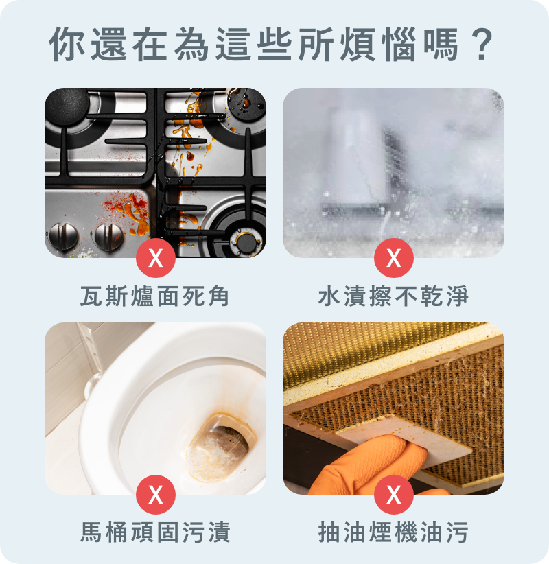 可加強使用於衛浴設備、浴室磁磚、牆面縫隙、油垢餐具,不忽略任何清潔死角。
• • •
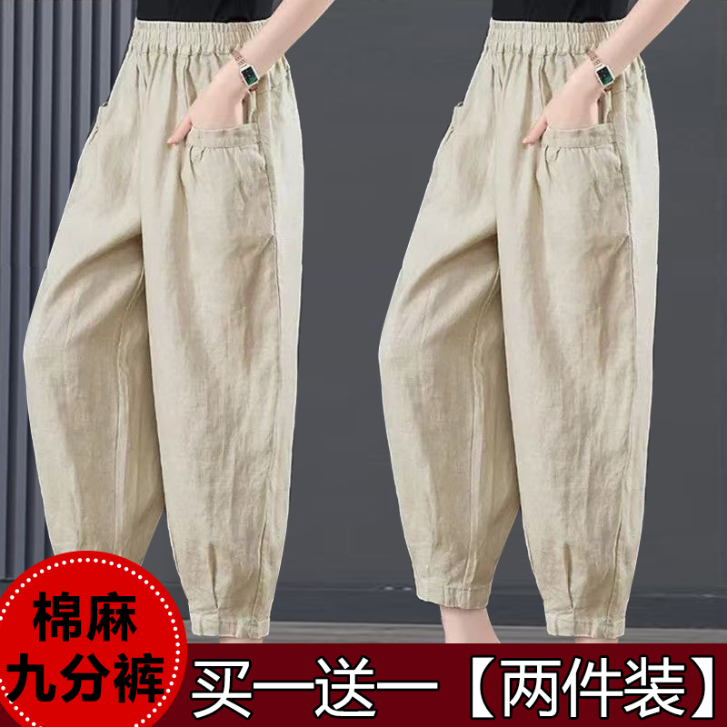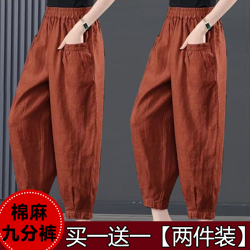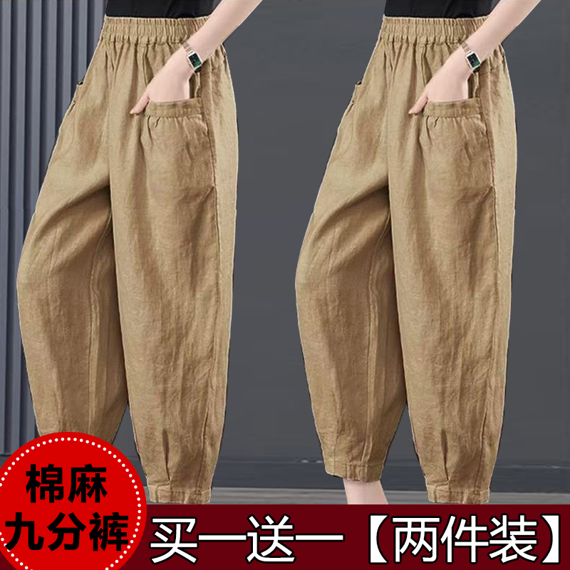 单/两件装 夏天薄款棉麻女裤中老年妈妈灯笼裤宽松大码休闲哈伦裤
• • •
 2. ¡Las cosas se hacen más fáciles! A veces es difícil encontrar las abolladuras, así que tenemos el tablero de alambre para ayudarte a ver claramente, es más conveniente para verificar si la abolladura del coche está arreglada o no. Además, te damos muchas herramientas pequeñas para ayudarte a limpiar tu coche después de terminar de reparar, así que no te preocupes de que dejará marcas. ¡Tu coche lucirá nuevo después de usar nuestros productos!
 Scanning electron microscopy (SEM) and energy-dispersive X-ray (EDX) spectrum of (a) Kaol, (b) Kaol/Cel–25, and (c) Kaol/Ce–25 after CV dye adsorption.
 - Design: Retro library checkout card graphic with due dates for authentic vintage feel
• • •
What you will do -> Beginning with the line above that contains "Scanning electron microscopy", copy each line exactly up to and including the line that contains "- Design: Retro", and go no further.

Your solution ->
 Scanning electron microscopy (SEM) and energy-dispersive X-ray (EDX) spectrum of (a) Kaol, (b) Kaol/Cel–25, and (c) Kaol/Ce–25 after CV dye adsorption.
 - Design: Retro library checkout card graphic with due dates for authentic vintage feel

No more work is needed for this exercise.